» Task goal
If pictures appear, leave them out, and return exactly the lines from the one holding "press Pixelate Area(s)" through the last line of the listing below.

» Dataset excerpt
═══

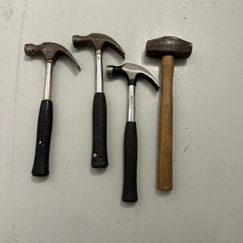 Hammare med metallhuvud och svart grepp. Använd för spikning och andra allmänna bygg- och reparationsarbeten
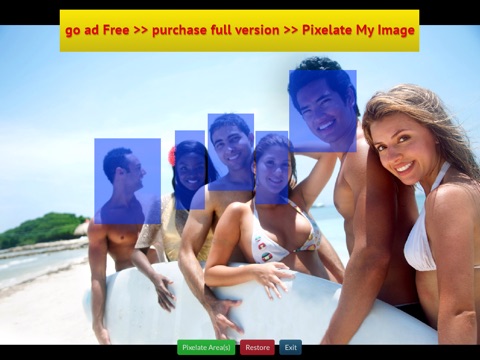 • Pixelate Areas - draw rectangles (tap them again to delete them) over the desired areas and when youre finished press Pixelate Area(s)
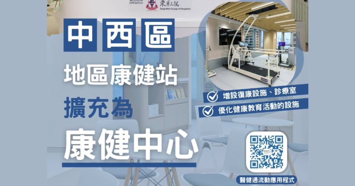 中西區地區康健站已擴充為康健中心,新、舊營運機構已完成交接工作,明日起由東華三院提供全面服務。

═══

» Answer box
 • Pixelate Areas - draw rectangles (tap them again to delete them) over the desired areas and when youre finished press Pixelate Area(s)
 中西區地區康健站已擴充為康健中心,新、舊營運機構已完成交接工作,明日起由東華三院提供全面服務。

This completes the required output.